Quite frankly, I’m sick of it.  I’m sick of turning my head only to see white earphones protrude from every wandering pedestrian (watch out for that meter!).  I’m sick of seeing Apple’s blindingly white billboards and posters plastered around our otherwise beautiful city.  And I’m sick of riding elevators with imbeciles who fumble with their iPhones to check Facebook (really, nothing has happened to your friends in the last 20 seconds; they don’t care you had lasagna for lunch and are now ready for a snooze at your posh office where your nano plays nature sounds to facilitate your nap).

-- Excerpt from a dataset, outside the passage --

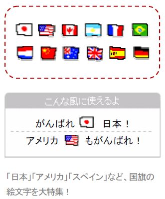 コンテンツ内容:「日本」「アメリカ」「スペイン」など、国旗の絵文字を大特集!

Don’t get me wrong, Apple has invented some very innovative and useful products.  They essentially invented the mobile mp3 player.  Their iPhone is a hit taking market share from other providers such as RIM (BlackBerry).  These products used to be cool, novel, and highly innovative; a good way for you to show off to your fellow hipsters down the street.  What grates me is that this innovation has stopped, yet people still blindly flock to Apple for the “cool” or “wow” factor.  Here’s a news flash for you: owning an iPhone does not make you cooler than the 100 million other people that own an iPhone.  It makes you a follower.  Owning an iPad does not make you cooler than the 15 million other people that do, or the 6.685 billion people whom don’t.  This wouldn’t be the case if you were buying a premier product with unique features.  But, I ask, what is particularly unique about the iPad?  It can browse the web.  Can’t your iPhone already do that (since you know you own both)?  It can access e-mails, download apps, play games (check, check, and check also for your iPhone).  It’s an oversized iPhone without, wait a minute, the ability to make calls.  Genius!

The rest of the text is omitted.